How Strong Are the Walls of Jericho?
Published on Imagine 2050
Jan. 25, 2009
http://imagine2050.newcomm.org/2009/01/25/how-strong-are-the-walls-of-je...
By Walidah Imarisha
Last month I was stuck in the house for more than a week, thanks to the worst snowstorm Portland, Oregon had seen in the past 30 years. Over a foot of snow and the city just had no idea how to deal with it.
It is ironic, then, that I picked up the first disc of the CBS series Jericho at the Blockbuster I slogged to through snow and freezing ice, out of sheer boredom. Jericho, which ran from 2006 to 2008, explores what happens to this country after nuclear bombs detonated in twenty three major cities in the U.S., through the lens of Jericho, a small town in Kansas.
The season and a half of the show (it was cancelled after the first season, but the most massive protest the networks have seen brought it back for an eight episode wrap up) has all the characters you might expect in a small town very akin to Mayberry before the bomb: the loveable mayor who has been in charge for 25 years (Gerald McRaney); his son Eric he is grooming to follow in his footsteps (Kenneth Mitchell); his other bad boy son Jake (Skeet Ulrich) who has seen and done too much.
Toss in some love interests and other colorful characters, add one possible FBI agent or possible “terrorist suspect” (and the only significant black character in the film I might add) (Lennie James) and the stage is set.
Right now, I have to give my usual disclaimer for another creating by this mass media: it's racist, sexist, xenophobic and heterosexist. Duh, right? But beyond that, the writing is good, the characters develop and the plot is intriguing enough to make me go back out into the storm to get the rest of season one and all of season two.
The reason for that is expressed by the FBI agent/terrorist character when he is talking to his daughter. She asks him a question about Jake: “Dad, is he a good guy or a bad guy?” Her father replies, “Honey, there is no such thing.”

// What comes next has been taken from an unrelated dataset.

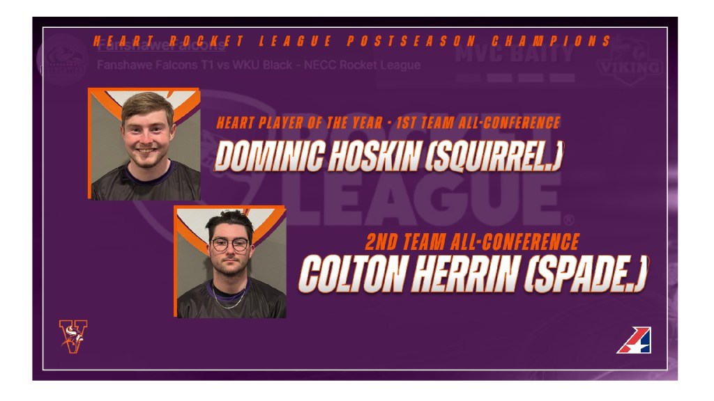 The Vikings had some star players that led them to this championship. One being Dominic Hoskin (Squirrel). Dominic was named Heart Player of the Year and made the 1st team all conference for Rocket League. Another star is Colton Herrin (Spade). Colton was named 2nd team all conference.
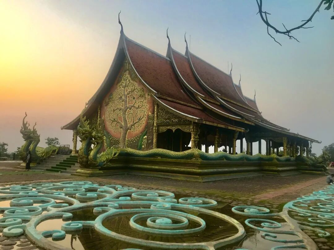 这里是泰国东北部乌汶府Phu Prao山顶上的一座寺庙,有一幅用夜光颜料绘制的巨大菩提树壁画,入夜后便绽放出绿色荧光,与地面上绽放的花朵图腾交相辉映,让整座寺庙显得无比奇妙美丽,当地人称它为“荧光寺”。同时,由于地处东部高山顶,这里也是泰国“赏日出”、“迎曙光”最好的地方。疫情后,欢迎您来泰国。

This to me, is the crux of the series, why it is so compelling, and why I consider it to be a subversive piece of programming. Not because of the ending of the series, which I won’t ruin for you, but of course ends up reinforcing the status quo.
No, I find it subversive because it opens up a dialogue, in a time where this country is supposedly so clear on who the “good guys” and the “bad guys” are that allows us to see that things are never so simple, and so easy as we imagine them to be. That the cowboys in white hats with badges riding over the ridge may not becoming to save the townsfolk but slaughter them, and that those deemed “terrorists” may be able to tell us more about ourselves than we ever wanted to hear.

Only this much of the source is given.